MARKETING, SALES, AND CUSTOMERS

         The Company markets its products in the United States and Canada
through a network of direct sales personnel, independent sales representatives,
and electronics distributors to a broad range of customers. The Company's direct
sales personnel and independent sales representatives focus on major target
accounts. Distributors generally focus selling activities on the broad base of
small and medium-size customers and often provide stocking, kitting, and
programming services, even to larger accounts.

         In the United States, Altera's major distributors currently include
Arrow/Schweber Electronics Inc. and Wyle Electronics Marketing Group, a division
of Wyle Laboratories which provide nationwide coverage. From time-to-time the
Company expects that it may add or delete distributors from its selling
organization as it deems appropriate to the level of business.

         To support its distribution network and focus on the target accounts
and the direct OEM channel of business, the Company has manufacturer's
representative firms throughout the United States and Canada. The Company also
has domestic sales offices in San Jose and in major metropolitan areas
throughout the country.

         The Company's international business is supported by a network of
technical distributors throughout Europe and the Far East. The Company has
representation in every major European country, in Israel, Japan, Australia,
South America, and the Pacific Rim. International sales management offices are
located in the metropolitan areas of Hong Kong, London, Munich, Ottawa, Paris,
Seoul, Tokyo, and Turin.

         Customer service and support are important aspects of the CMOS
programmable logic integrated circuit business. Altera provides several levels
of user support, including applications assistance, design services, and
customer training. The Company's applications engineering staff publishes data
sheets and application notes, conducts technical seminars, and provides design
assistance via modem links to the customer's design station. Customer service is
supported with inventory maintained both at the factory and at distributors'
locations to provide short-term delivery of chips.

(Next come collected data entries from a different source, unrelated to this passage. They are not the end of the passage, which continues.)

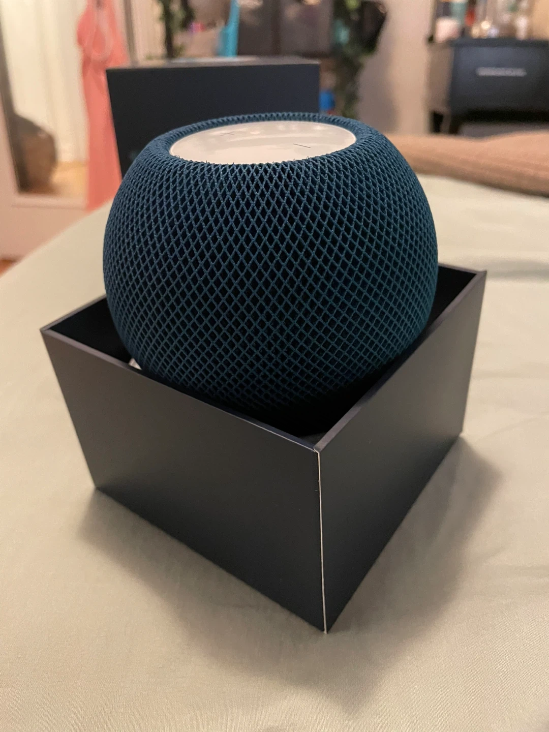 Never been used blue Apple HomePod mini for sale. It comes with the original box and all included components, including the charger and instructions. Enjoy room-filling, 360-degree sound with Apple-designed audio. Pair two HomePod mini speakers for stereo sound. Use with Apple TV 4K. Siri helps the family get things done. Intercom to stay connected. Control your smart home
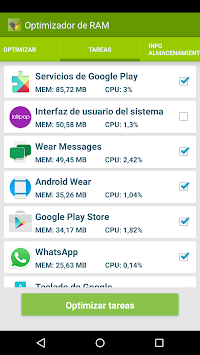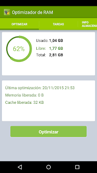 With this application of minimum size, you can optimize the RAM of your Android in a very simple way. - Optimize RAM - Clean the cache - Stop consuming tasks RAM - Watch your android storage
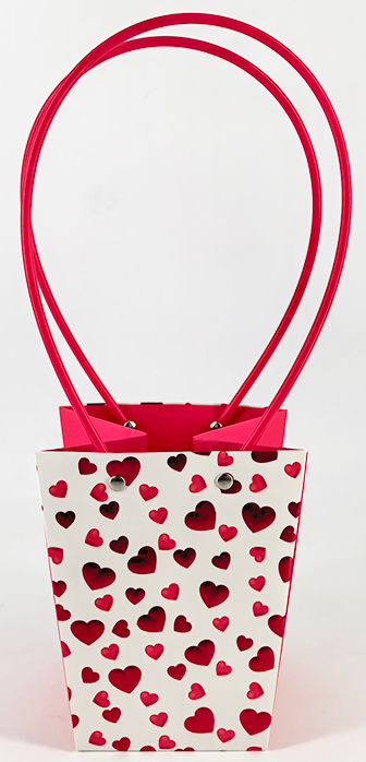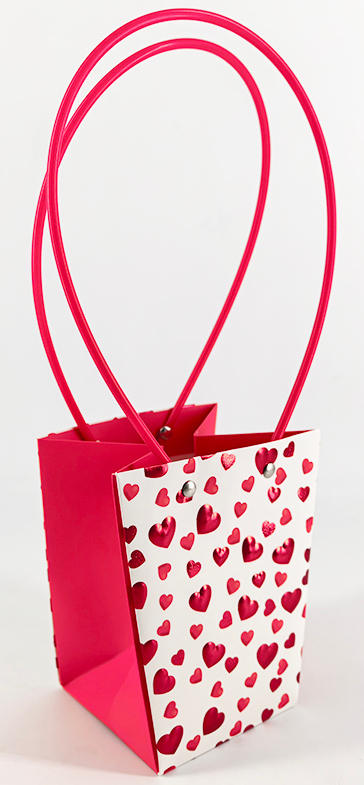Пакет подарочный c фольгированными сердцами, 13*9.5*15.5 см., 10 шт./упак., красный
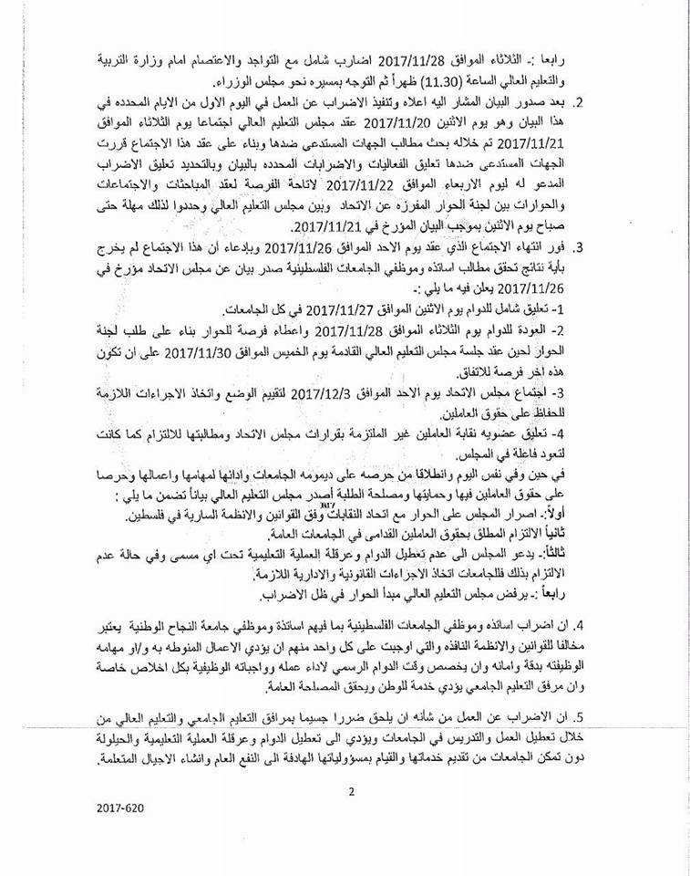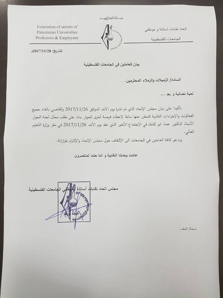 وأكد بيان لاحق لاتحاد نقابات العاملين في الجامعات الفلسطينية، على تعليق كافة الفعاليات والإجراءات المعلن عنها سابقاً "بهدف إعطاء فرصة أخرى للحوار بناء على طلب ممثل لجنة الحوار عماد أبو كشك". ومن جهتها، أكدت نقابة العاملين في جامعة النجاح على التزامها بما جاء في بيان الاتحاد، مما يعني انتظام الدوام في الجامعة يوم الأربعاء 29.11.2017.
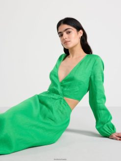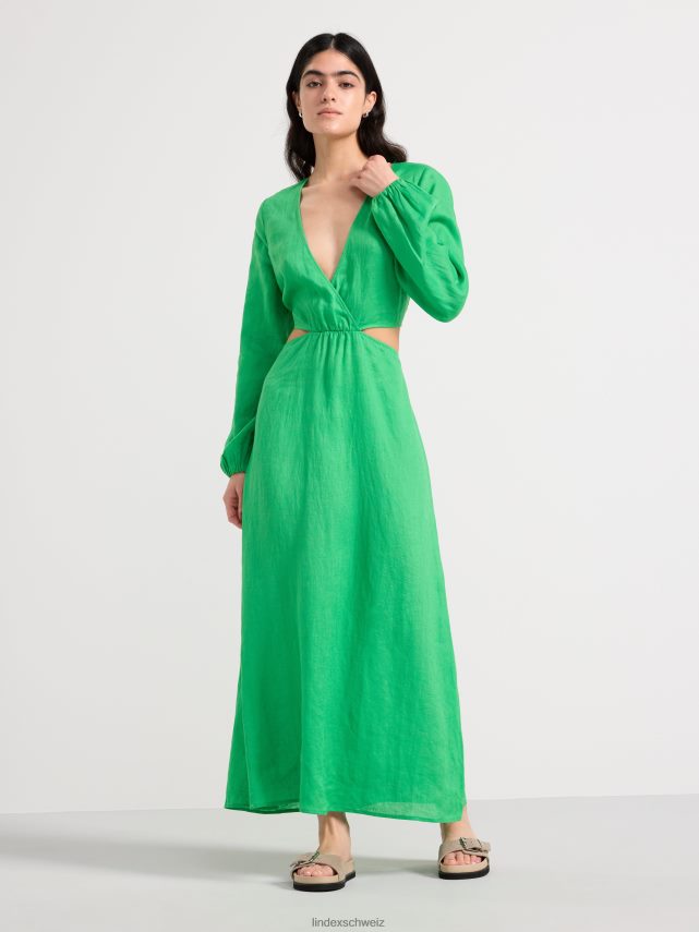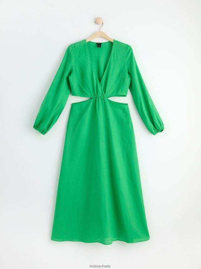 une élégante robe longueur mollet confectionnée en tissu de lin doux avec un devant cache-cœur, des manches longues avec poignets élastiqués et une taille élastiquée avec découpes sur les côtés. qualité supérieure. il s’agit d’une pièce de qualité supérieure en lin. le lin est une matière naturelle aérée, durable et confortable à porter.
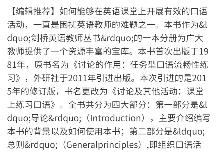 讨论及其他活动:课堂上练习口语
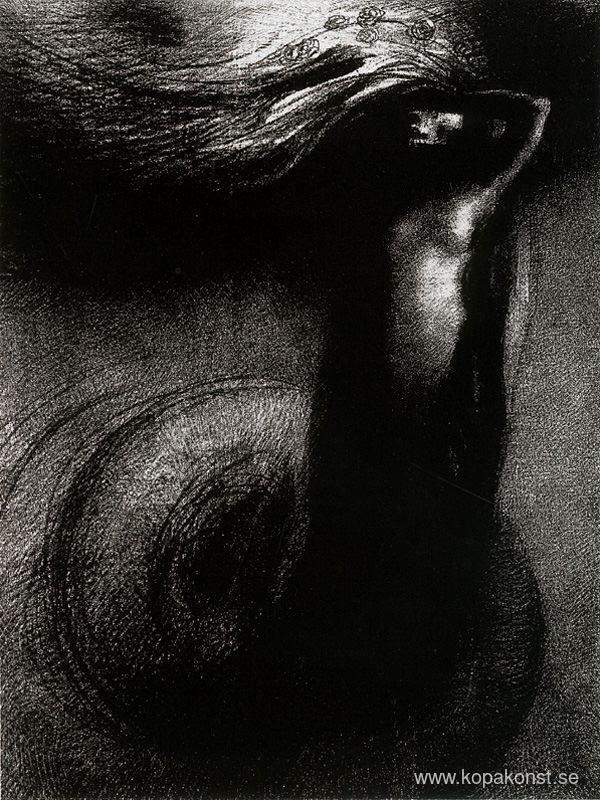 Vi erbjuder dig en hantverksmässig reproduktion på duk av det berömda konstverket 'Döden: Min ironi överträffar alla andra! ' av Odilon Redon, från Reproduktionsmuseet.
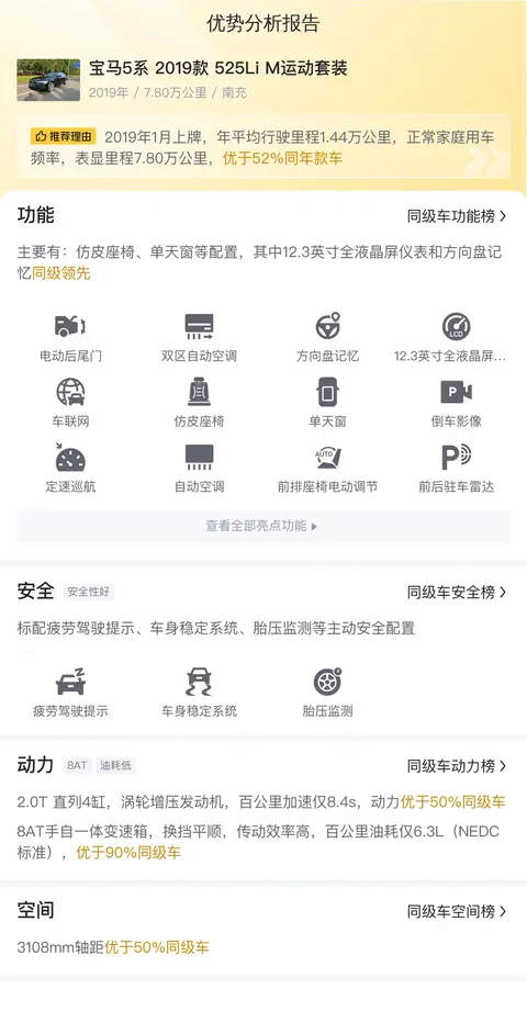 除了以上的车辆实拍图,我们还准备了一些该车型在日常使用过程中,通过我们大数据分析提炼出的优势分析,希望可以帮助到您更加深入的了解一下这款车与同级别车型相比会有怎么样的表现。
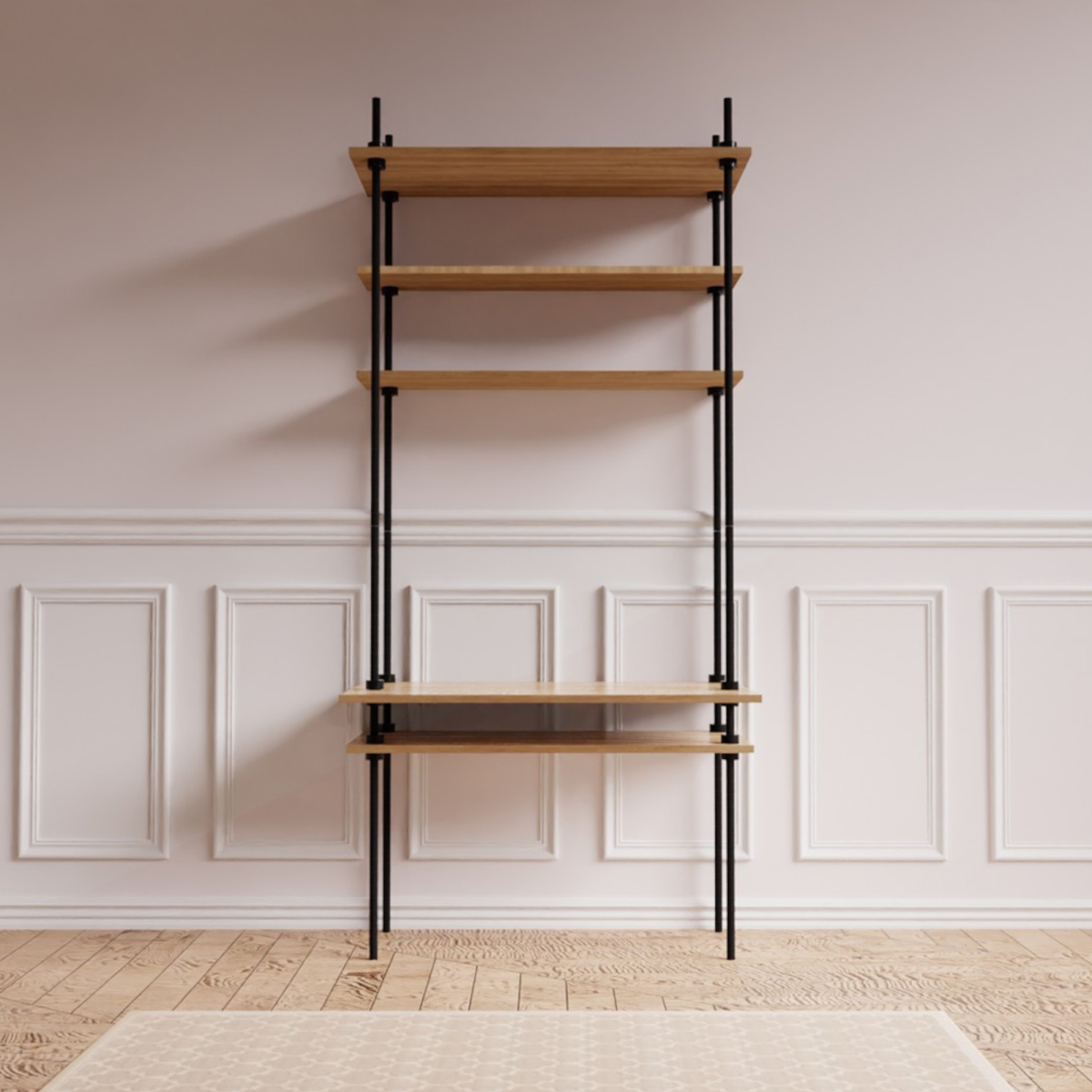 Moduláris felépítésű, több helyiségben jól működő polcrendszer, amely ideális nappaliba, dolgozószobába, hálóba vagy akár előszobába. Nyitott polcai egyszerre alkalmasak tárolásra és dekorációs elemek kihelyezésére. Stabil szerkezete miatt akár könyvespolcként vagy kisebb lakásban ruhatároló egységként is funkcionálhat.

         During each of the last three years, export sales constituted nearly
half of the Company's total sales revenue. Through 1995, almost all export sales
were denominated in U.S. dollars, but the Company is considering doing an
increased amount of business in local currencies in the future. The Company's
export sales are subject to those risks common to all export activities,
including governmental regulation, possible imposition of tariffs or other trade
barriers, and currency fluctuations. Certain export sales must be licensed by
the Office of Export Administration of the U.S. Department of Commerce. From
time to time, the


                                      -8-
<PAGE>   10



Company has experienced delays in obtaining the necessary licenses, but to date
such delays have not had a material adverse effect on the Company's business.
There can be no assurance that such delays will not occur in the future,
however, or that if such delays do occur, that they will not have a material
adverse effect on the Company's business or operating results.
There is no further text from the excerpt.